This piece was my writing the city module project for first year. If you like the Rivers of London series, I recommend going on the walk I’ve included!
I struggled for a while to work out what to write about.
Then I remembered: Ben said we were allowed to write an original itinerary for visitors or an account on examples of London lore. This encapsulates one of my great loves: magical realism. The series Rivers of London by Ben Aaronovitch is a perfect example of this, and was also one of the things that inspired me to come to London for university.
For anyone reading this who hasn’t read either the series or the titular novel, Rivers of London combines elements of the real world with that of fantasy; PC Peter Grant works as the apprentice to Nightingale, master magician and Detective Chief Inspector. I promise it makes sense contextually.

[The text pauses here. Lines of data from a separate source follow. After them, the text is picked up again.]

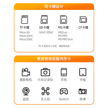 山泽USB3.0高速读卡器多功能四合一 支持SD/TF/CF/MS型相机行车记录仪监控内存卡手机储存卡CRA04B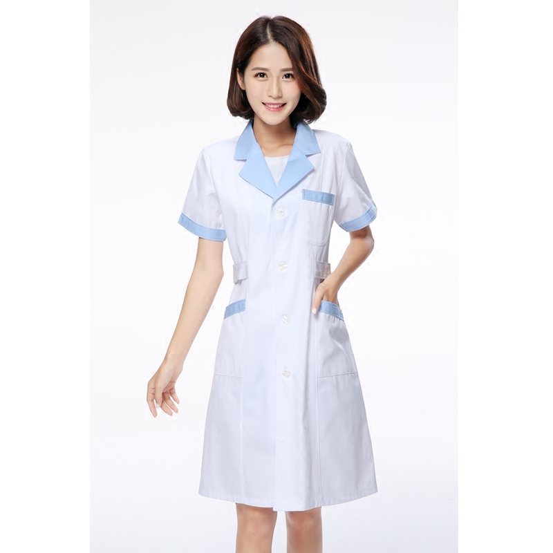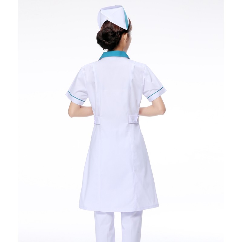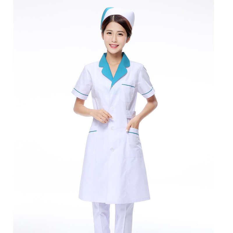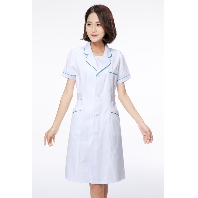 药店服医师加湖蓝边短袖白大褂美容院夏季工作服收腰修身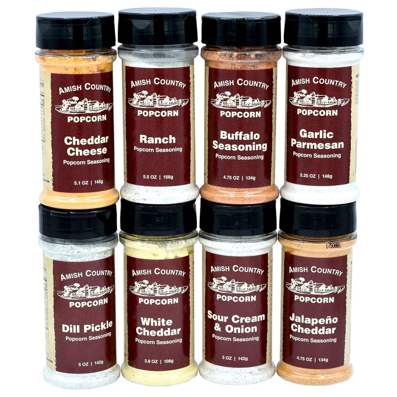 - 8 PACK SEASONING SAMPLER - Variety is the spice of life. Try all of our most popular seasonings on your Amish Country Popcorn. Each sampler includes Buffalo, Garlic Parmesan, Jalepeno Cheddar, Dill Pickle, Ranch, Cheddar, Sour Cream & Onion and White Cheddar. Try them alone or combine them, the possibilities are endless.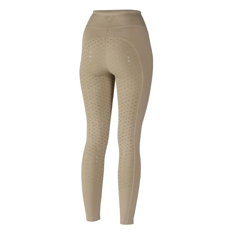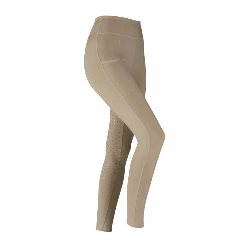 These tights have the substantial feel of breeches with traditional competitive colors and a silicone full seat. The have a high rise pull on waist, and cuff bottoms making them super comfortable. The cell phone pocket on the side is super convenient, but not obvious.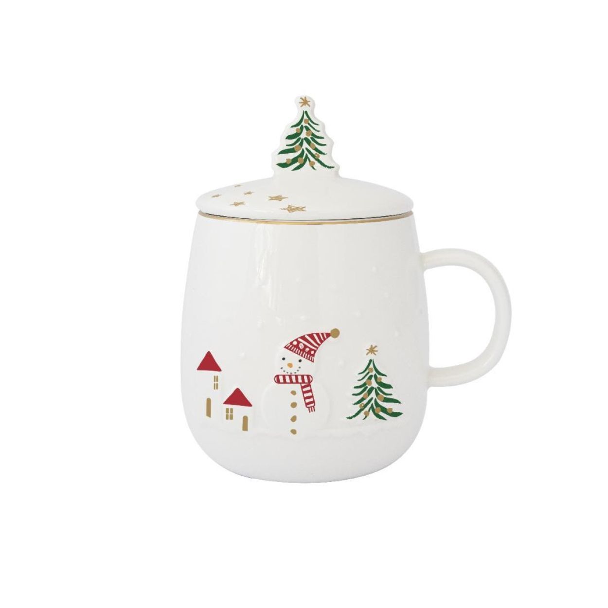 Tasse en porcelaine avec filtre en métal et couvercle assorti, capacité 450 ml. Le couvercle est surmonté d’un petit sapin de Noël qui sert de poignée – pratique et décoratif.

I decided to go to each of the places that I thought were most significant to the plot of the first book.
These were as follows:
- The East Portico of St Paul’s at Covent Garden (where PC Grant meets his first ghost)

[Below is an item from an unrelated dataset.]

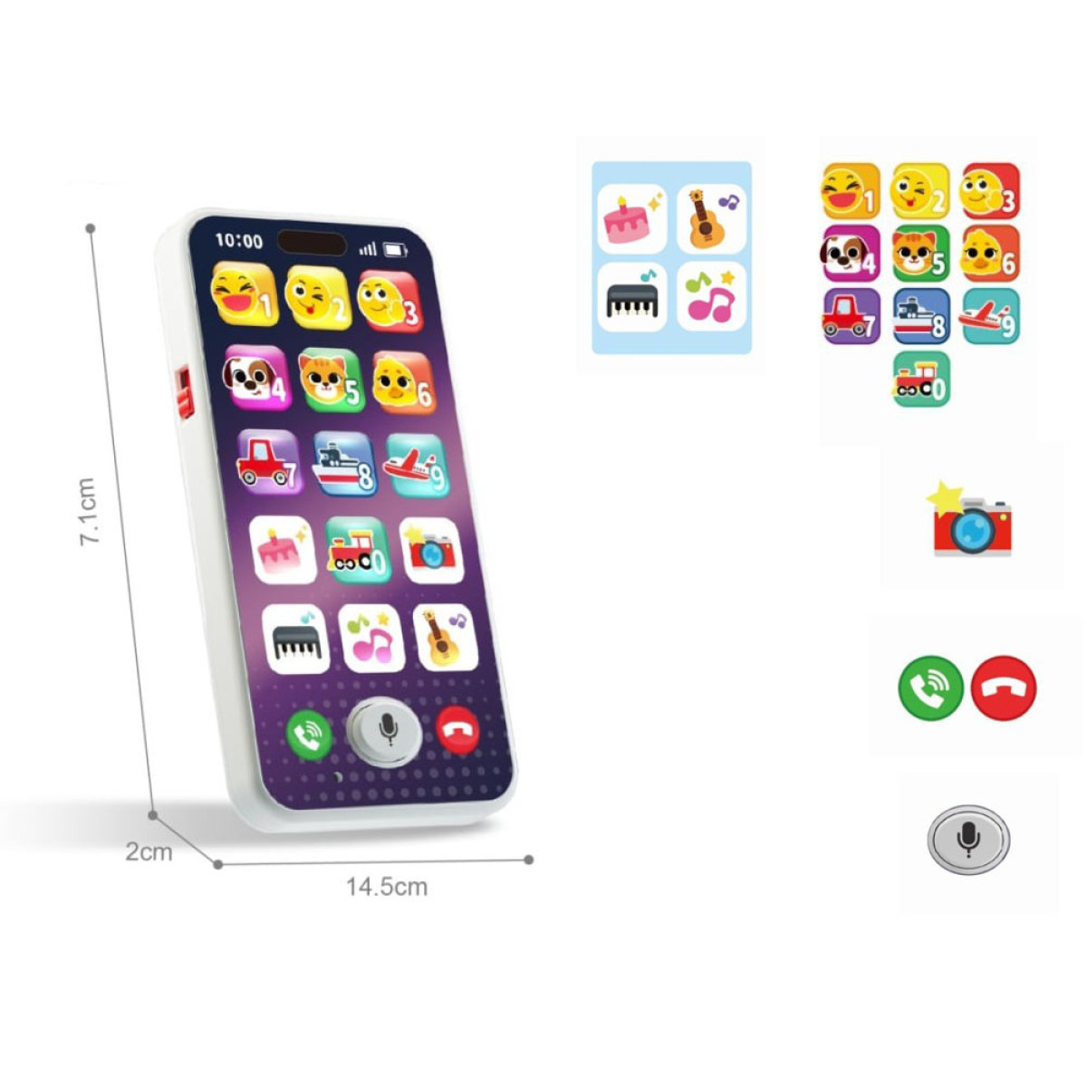 Ja tavs bērns bieži skatās uz vecāku tālruni un vēlas to izmantot, šis krāsainais, interaktīvais tālrunis būs lielisks risinājums. Rotaļlieta ir izstrādāta tā, lai izskatās un darbojas līdzīgi kā īsts viedtālrunis, bet ir pilnīgi droša un piemērota mazām rokām. Tā ir plakana, ērta un viegla, tāpēc lieliski piemērota lietošanai mājās vai ceļojumos.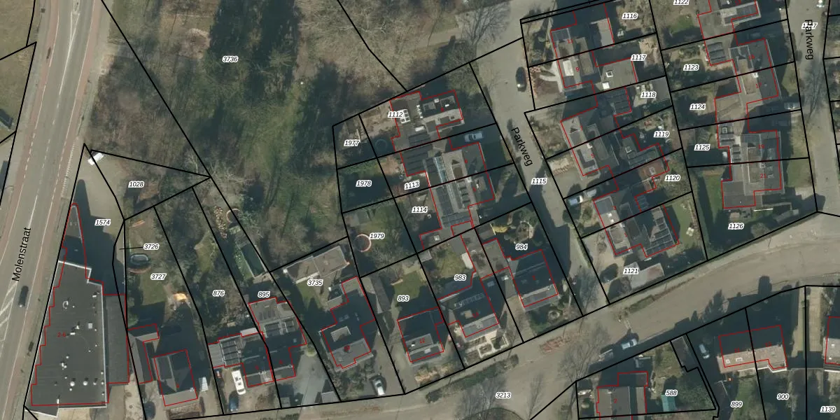 Gebruik de zoekbalk of klik op een perceel om informatie over het perceel te bekijken.

- Leicester Square (where he and Lesley discover some serious ‘vestigia’
- Richmond Park, home to Beverley Brook (and the character Beverly Brook)

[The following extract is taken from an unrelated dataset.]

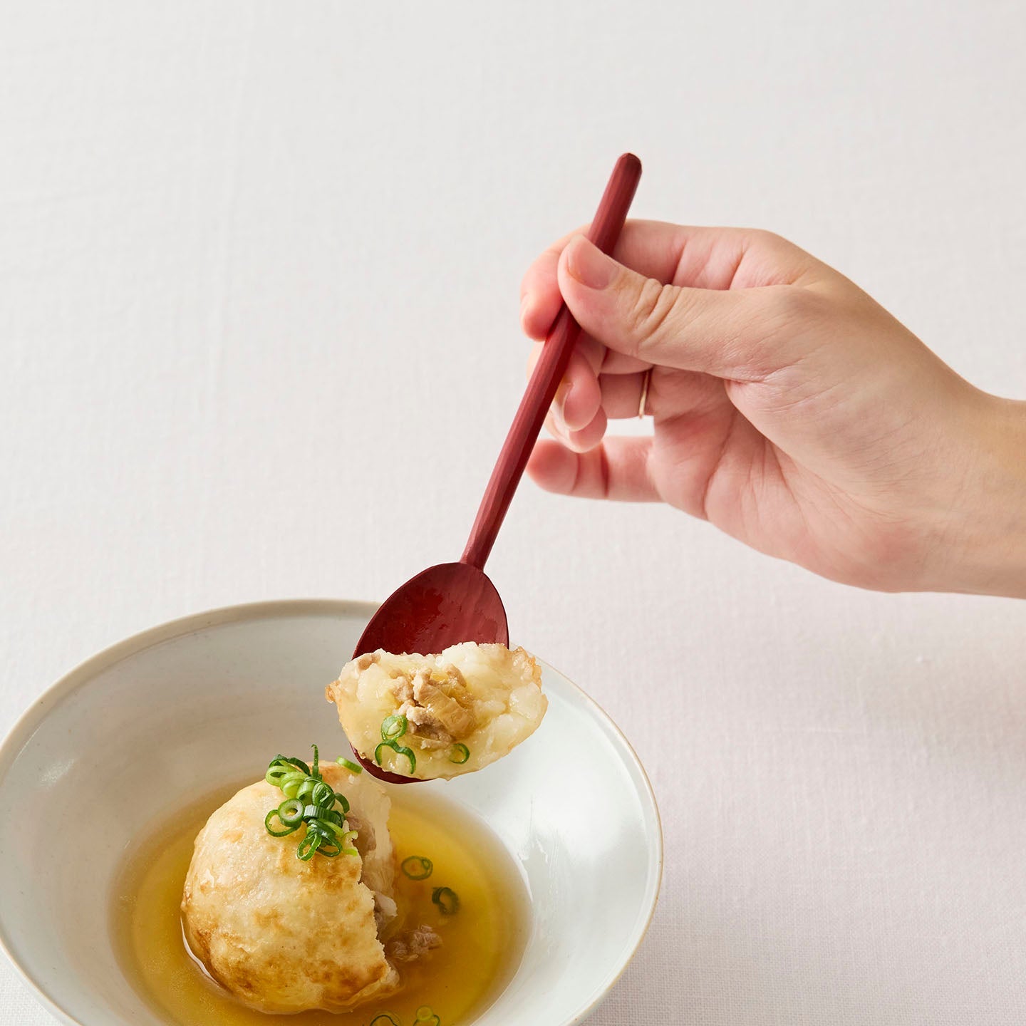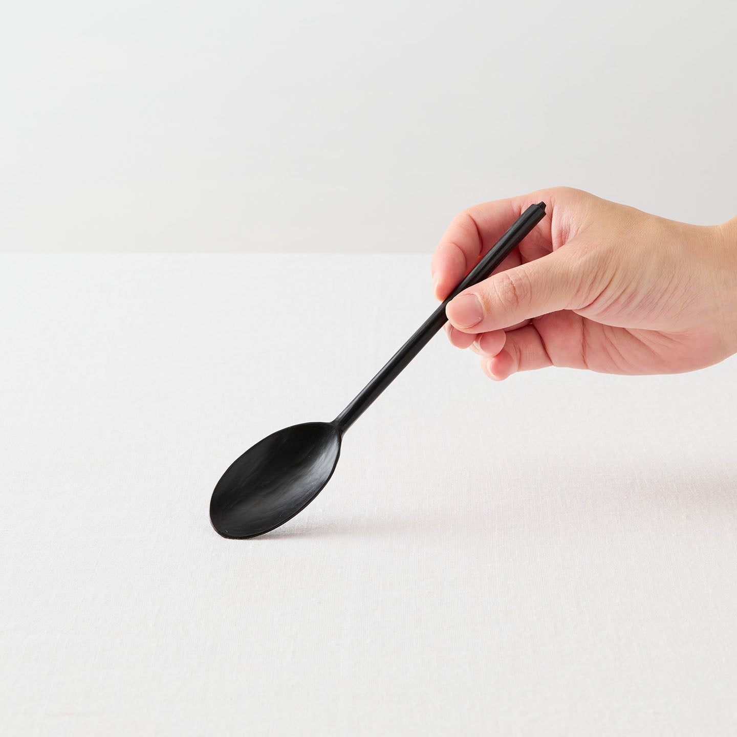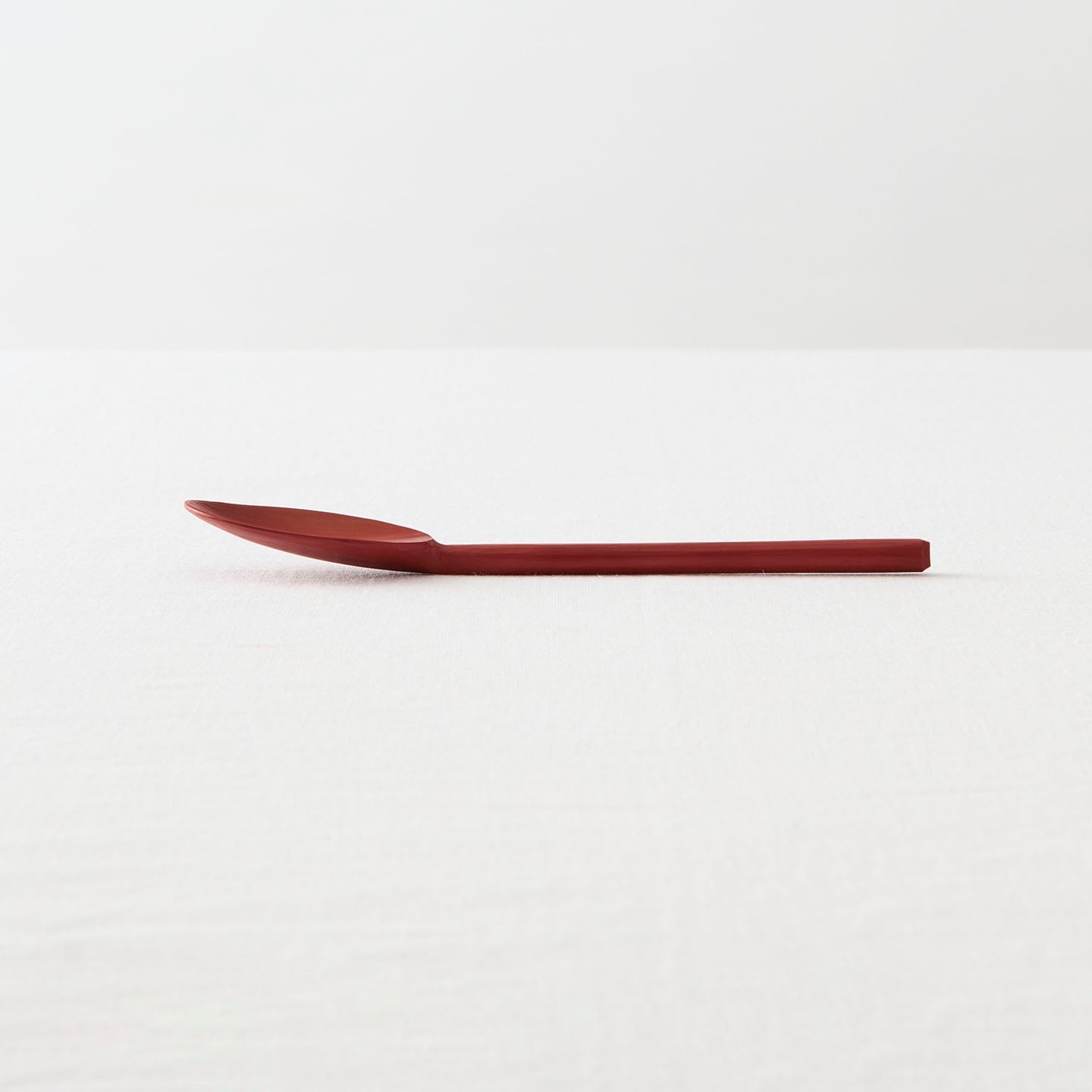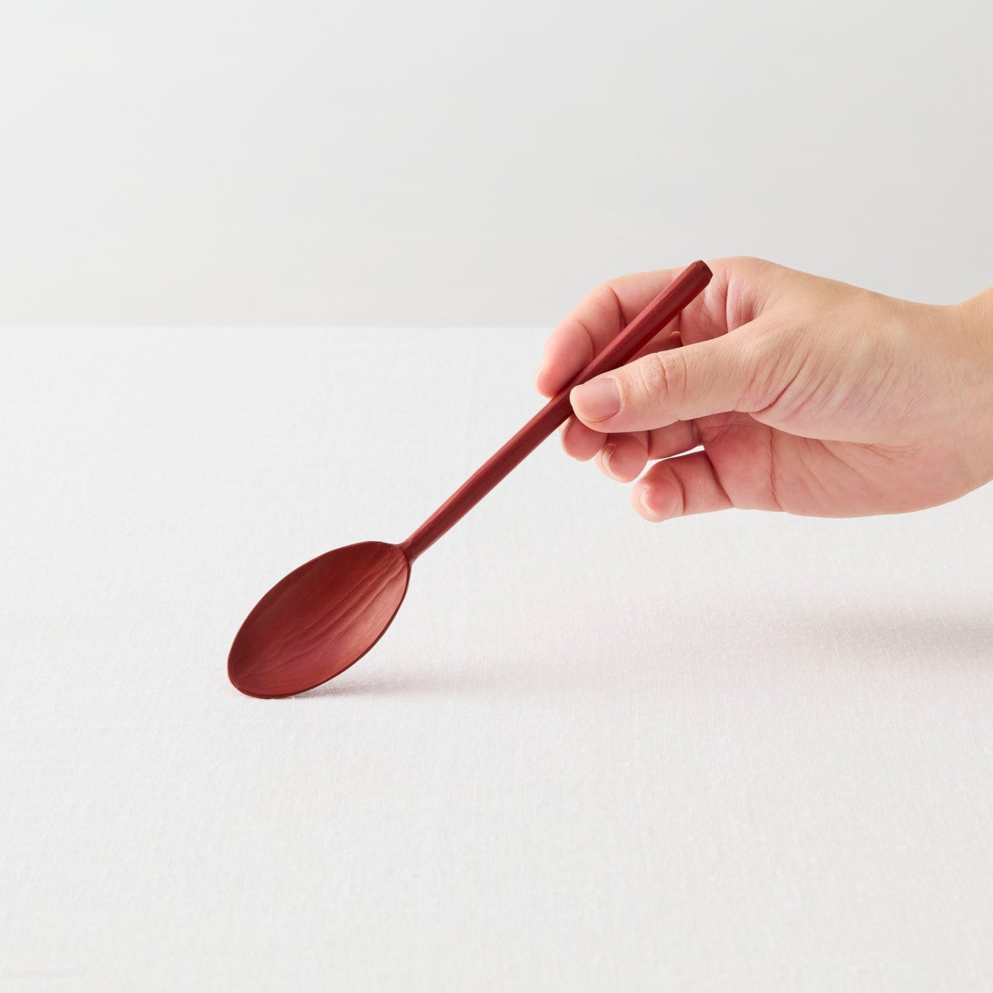 漆というと艶やかな光沢を思い浮かべがちですが、山田さんが手がける「円柱匙」はマットな質感。それだけで、漆を特別な日だけのものではなく、日常的に使いたくなりませんか。

- Downshire Hill, Hampstead (home to Evidence! and magical vampires)
- St James’ Park (as close to the Lady Ty as I could get)
- Nine Elms (home to Father Thames)
- The Statue of Victoria at the Old Bailey
St Paul’s seemed like the obvious starting point, as that’s where the magical drama begins to unfold. However, I had no particular desire to hang around a graveyard, or indeed a Church, so like the PC on page 4, I found a nearby cafe. Covent Garden is one of my favourite places to go in London, not least because of the Ben’s Cookies and froyo shop.
While I didn’t feel any ghostly presence myself, I did learn a little more about the so-called Actor’s Church. Interestingly, the Concert Director is apparently also a Mr Grant.
A ghost often linked to Covent Garden is William Terriss. He was a famed actor who was brutally murdered by a jealous acting rival, Richard Prince, in 1897. He has frequently been ‘spotted’ haunting Covent Garden tube station. Richard Prince feels to me like a possible inspiration for the character of Henry Pyke – wanting to be an actor (despite little skill) in the 1800s, complete with murderous urges.
Leicester Square is only a few minutes walk away from Covent Garden, so I took the last of my coffee and walked to the Odeon. I took a moment to stare longingly at a poster for Beauty and the Beast, but I calculated that there weren’t enough hours in the day for me to see that and finish the walk, to my dismay.
As the place where Lesley and Peter felt some serious Punch-related vestigium, this seemed a sensible time to start thinking about the story of Punch and Judy. Nowadays, it’s typically performed at the seaside, so it’s not necessarily
a story I’d think to link to London, but I rather liked the way Aaronovitch dotted references to the Tragic Tale throughout his story. And, something that I didn’t pick up on in the novel – the first recorded version was put on at St Paul’s, as documented by Samuel Pepys.
From Leicester Square, I got the Piccadilly line to Earl’s Court, then the District to Putney, and then the 85 bus to Robinhood Lane – the entrance to Richmond Park.
I adore the character of Beverley Brook – she’s funny and bubbly and totally the boss of Peter Grant. And I love the actual brook too – it goes through the park as well as an industrial area. In 2013, 2 years after Rivers of London was published, Sir David Attenborough began a campaign to get it cleaner, and the result of that was that I got a really nice place to eat my lunch, sat on the grass a little way from the brook itself (I had a tomato sandwich and some quavers, if you’re interested).
In the novel, Beverley describes herself and her sisters as Orisa. These are a kind of Yoruban spirit, a manifestation of the greater power/God. I really enjoy learning about manifestations of Gods in other cultures – it’s interesting that very few believe in only one God, even Christianity despite supposedly being monotheistic has Father, Son and Holy Spirit as representations. But that is me being distracted. An Orisa is a spirit that can influence humans, by contacting them and relaying messages from the spirit world. The closest I could get to a Beverley-like Orisa was Oshun, deity of the river and fresh water, luxury and pleasure, sexuality and fertility, and beauty and love. She is known for being quick tempered and sensual, which seemed very accurate to, indeed, most of the daughters of Mama Thames.